La Administración económica del Estado
La verdadera soberanía de un país se mide en términos económicos, compulsando su grado de autonomía en relación con las organizaciones del crédito internacional y de las relaciones comerciales internacionales. En estos momentos, el Perú se encuentra atado por decisión de sus propios gobiernos, a una serie de compromisos que determinan una directa dependencia de los centros de poder político y económico. Si el país carece de una infraestructura productiva bien orientada que permita generar términos de intercambio comercial equitativos para la parte peruana, y al mismo tiempo carece de ahorro interno e inversión reproductiva, queda a merced de lo que se decida política y económicamente fuera de sus fronteras.
Este es nuestro caso, en los últimos años se ha venido siguiendo una política neoliberal a ultranza que sólo es capaz de promover mercados de exportación para productos primarios, a la vez que se condiciona la adquisición de los bienes de capital exclusivamente en el exterior, sin margen para la industria nacional, y se adquiere el compromiso de asimilar mercadería barata, que termina de lapidar la escasa manufactura subsistente. Esto es lo que el Gobierno ha pactado en una serie de Tratados de Libre Comercio, celebrados en forma precipitada, con la falsa premisa de que abre mercados ilimitado a los productos primarios y escasísimos productos terminados nacionales. Es superfluo que los mercados potenciales extranjeros sean tan extensos como se dice, si el país carece de capacidad de producir mercadería competitiva suficiente en calidad y precio para esos mercados.
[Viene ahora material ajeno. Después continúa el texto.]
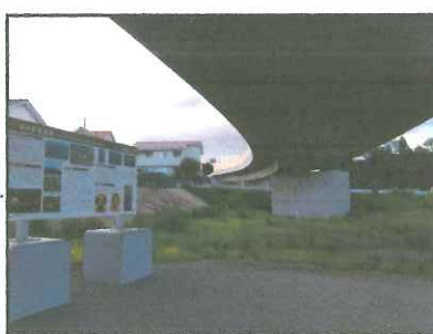
(③解説版と金井東裏陸橋)

Como contraparte, el Perú se ha sujetado, sin necesidad alguna, a una serie de condiciones impuestas por los grandes centros de producción industrial, que han querido asegurarse la dependencia absoluta del Perú a sus intereses, muchas veces más allá de los asuntos propiamente comerciales, para condicionar también indeseables sujeciones políticas.
“Confluencia Nacional” se hace un deber de explicar claramente a la ciudadanía por qué el supuesto crecimiento económico del Perú, que propalan indiscriminadamente todos los medios de comunicación del sistema, sea Radio, Televisión y prensa escrita, corresponde sólo al crecimiento de los sectores de exportación y servicios, en base al incremento, año tras año en la producción de productos primarios, gracias a las facilidades y privilegios obtenidos del Gobierno, sin que tal crecimiento tenga algún correlato en el incipiente crecimiento de la mayoría de las poblaciones de todo el país, cada día más pobres y más desamparadas de todo lo que signifique progreso social verdadero y satisfacción de las necesidades más elementales en materia de alimentación, educación, salud y trabajo permanente.
Dentro de la visión socio política que antecede, y que ha de ser ampliamente expuesta y debatida con los representantes de todos los estamentos populares y de todas las comarcas del país, un gobierno de “Confluencia Nacional” deberá finalmente plantear términos más equitativos para el intercambio comercial con todas las naciones, de modo tal que los tratos ya efectuados puedan evolucionar hacia características más positivas, que siendo mutuamente beneficiosas, permitan al Perú salir del subdesarrollo con real beneficio para toda su población, y no sólo como ahora, a favor de una única élite industrial - comercial y de las empresas trasnacionales establecidas en el Perú, muchas veces con abuso y prepotencia en desmedro de la dignidad de los peruanos.
Para “Confluencia Nacional” la administración de los recursos del Estado comprende la solución de la problemática expuesta de modo tal que sea posible la explotación sostenible de dichos recursos y la recaudación de la renta que sea equitativa para todas las partes involucradas, y que asimismo permita el ahorro nacional y la inversión reproductiva para la generación sostenida de empleos en relación con las necesidades de la población en permanente crecimiento. Esto implica la transformación de la actual economía de mercado, en una economía social de mercado, lo cual no tiene por qué significar mayor endeudamiento público ni tampoco gasto por encima de la real producción de riqueza. En este camino se encuentra el crecimiento de las reservas del Estado, la regulación de la inversión y el gasto públicos, el fortalecimiento del signo monetario y la estabilidad del mercado de cambios; y por supuesto, la reforma responsable y técnica del régimen tributario actual, que deberá servir no sólo para financiar los gastos del Estado, sino básicamente como herramienta de promoción y desarrollo.